Bir diğer önemli anlaşma da Rusya’nın en büyük petrol şirketi Rosneft’ten geldi. Rosneft ile Irak Kürt Bölgesel Yönetimi'nin (IKBY), Kuzey Irak doğal gaz ticaretinin geliştirilmesi ve bölgede bir doğal gaz boru hattının inşa edilmesi konusunda anlaşma imzaladığı belirtildi. Anlaşma kapsamında, tarafların, Kuzey Irak’taki doğal gaz pazarının geliştirilmesi için ortak bir plan hazırlamaları öngörülürken, bölgede bir doğal gaz boru hattının inşası konusunda da iş birliği yapılması kararlaştırıldı.

Rusya, Orta Doğu’daki etkinliğini enerji projeleriyle özellikle son dönemde arttırmaya çalışıyor. Rosneft de Kuzey Irak’a en çok yatırım yapan yabancı şirketler arasında yer alıyor.

ABD-İran gerginliğinden doğan fırsatlar

ABD'nin İran nükleer anlaşmasından çekilme kararının ardından oluşabilecek "yeni" fırsatlar ise forum kapsamında ele alınan diğer başlıklardan oldu.

Rusya, resmi olarak İran anlaşmasının bozulmasına AB liderleri gibi karşı dursa da ABD ve AB’nin arasının biraz daha açılması gibi unsurlar nedeniyle Rusya’nın "çok da üzgün olmadığını" belirtmek gerekiyor.
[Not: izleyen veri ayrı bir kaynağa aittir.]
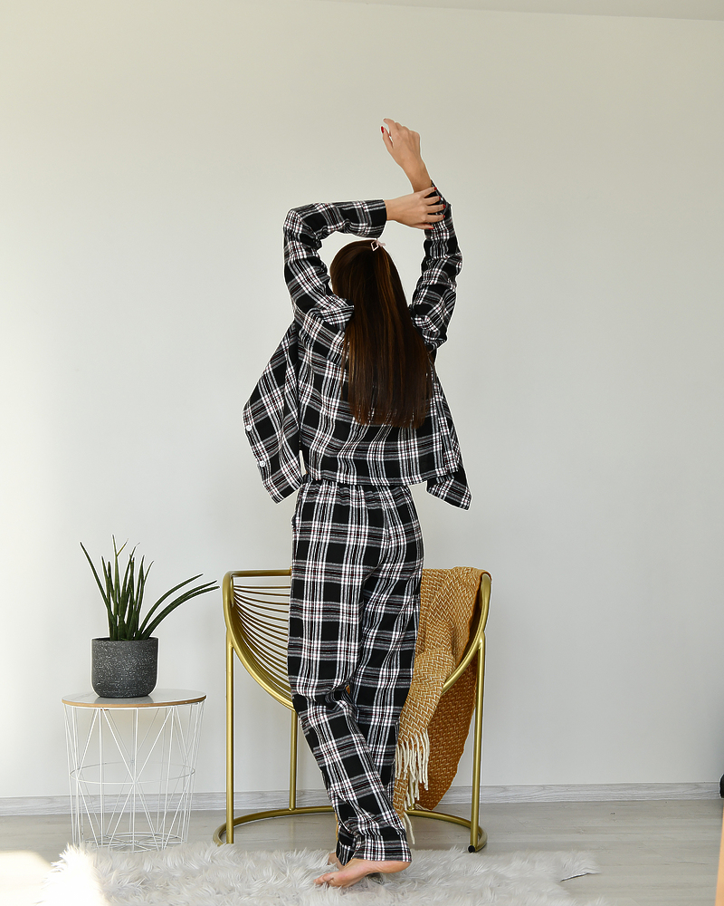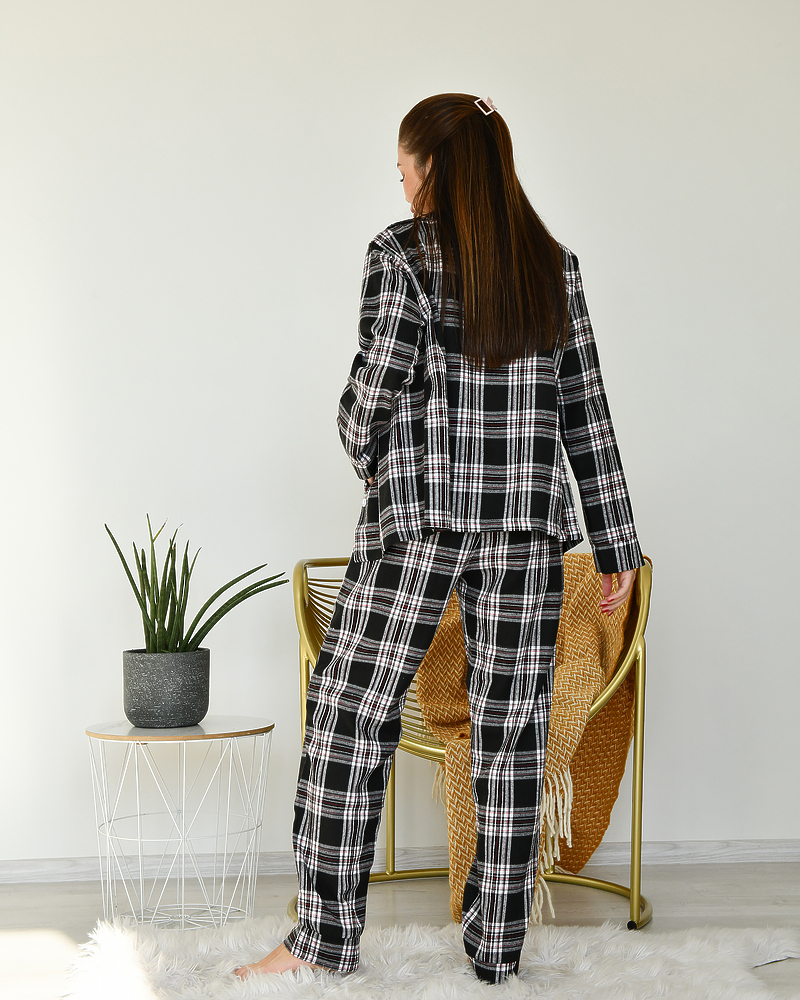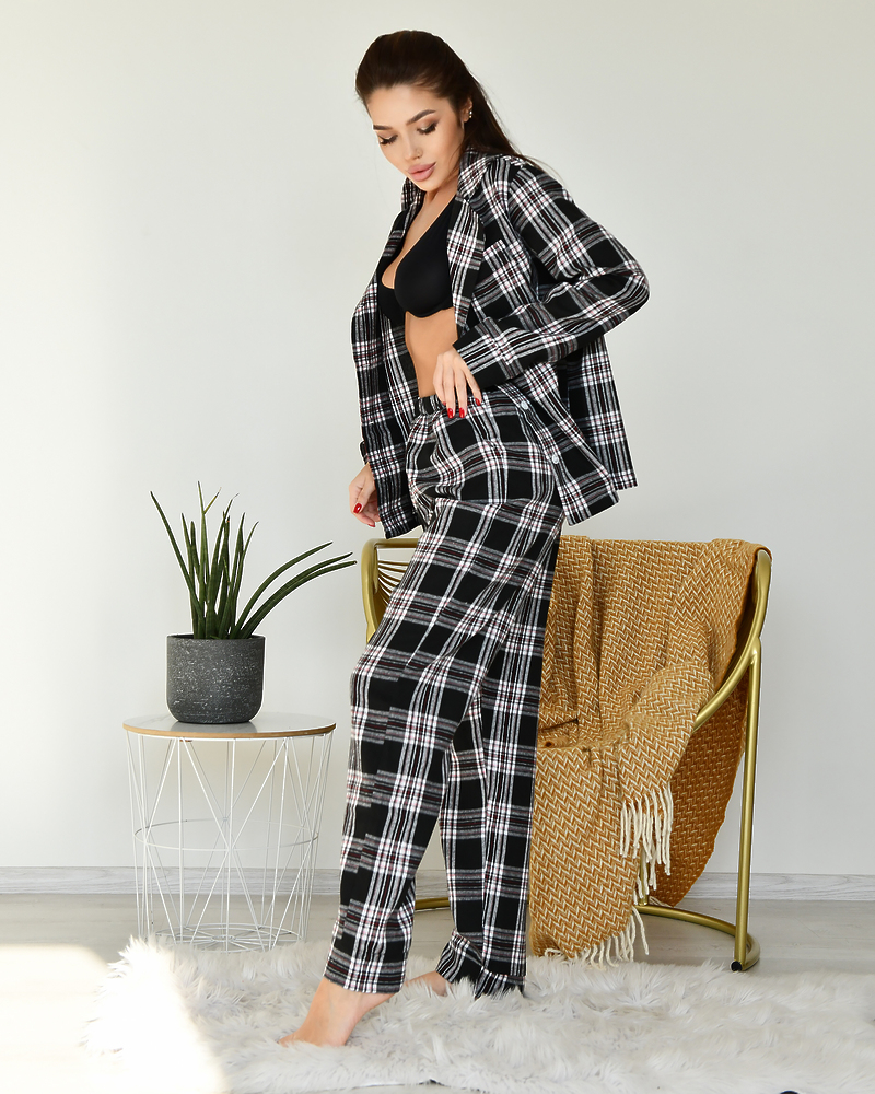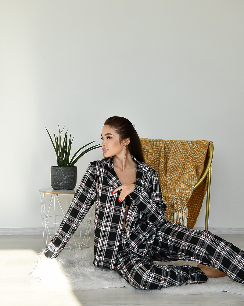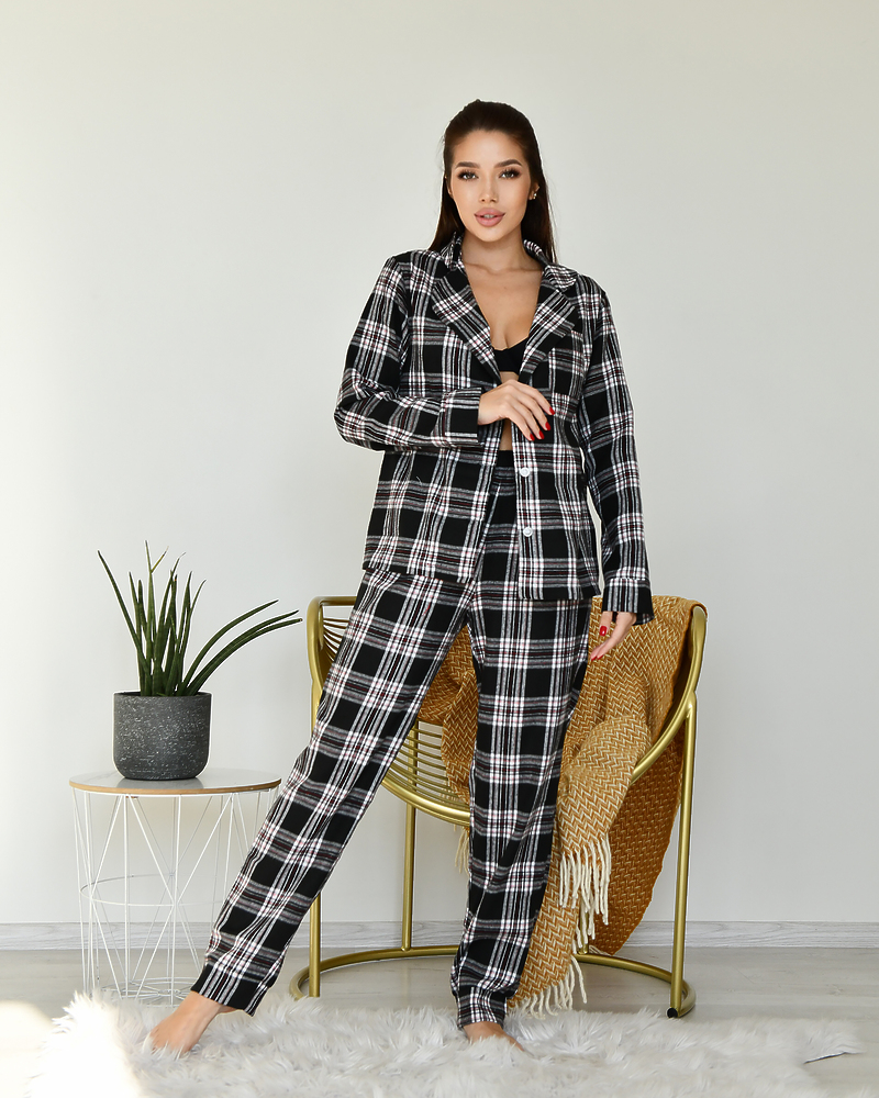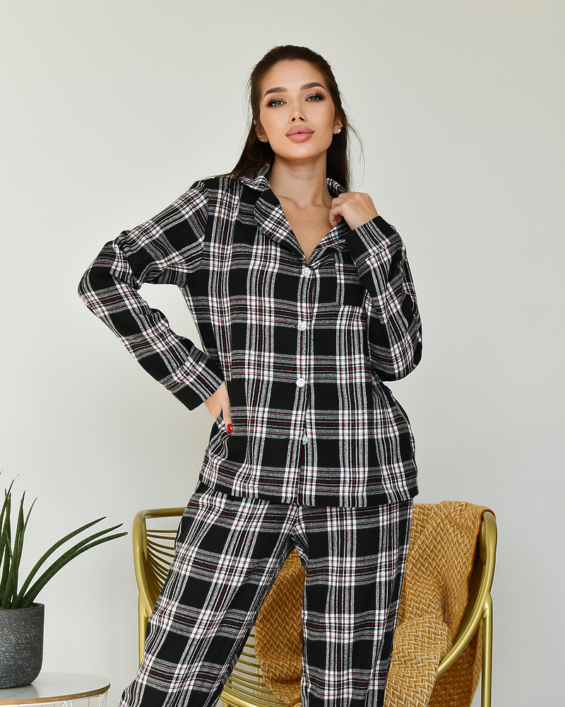 Піжамний костюм у клітинку з якісної тканини байка.

AB’nin söz konusu anlaşmanın bozulmasıyla ilgili memnuniyetsizliğini göstermek için ABD’nin karşı çıktığı Kuzey Akım 2 doğalgaz projesinin hız kazanma ihtimali gündeme gelirken, petrol fiyatlarında yaşanan yukarı yönlü baskı da yine Rusya için olumlu bir haber özelliği taşıyor.

ABD'nin Orta Doğu’da kapattığı bir başka kapı, yine Rusya’nın boşlukları doldurup, konumunu güçlendirmek için yeni fırsatlar yaratırken, İran’ın ekonomisine pansuman yaratmak için Avrasya Ekonomik Birliği’ne biraz daha yakınlaşması da değerlendirilen olasılıklar arasında... Yeni yaptırımlar nedeniyle İran’dan çekilebilecek Batılı şirketlerin yerini doldurmak isteyen Rus şirketler de gelişmeleri yakından izleyeceğe benziyor.

Başta Avrupalı şirketler olmak üzere Rus ve Çinli şirketlerin, bu noktada yaşanan ekonomik atmosfere rağmen Türkiye’nin komşusu İran’da yürüttüğü ekonomik girişimlere Türkiye ve Türk şirketlerinin de kayıtsız kalmaması gerektiği belirtiliyor.

Son derece büyük bir coğrafyada, geniş bir yatırım yelpazesi St. Petersburg Uluslararası Ekonomi Forumu kapsamında ele alınırken, Türk şirketlerinin de bu büyük pastadan pay alabilmesi için bu coğrafyayı bilen uzmanlarla daha aktif rol alması gerekiyor.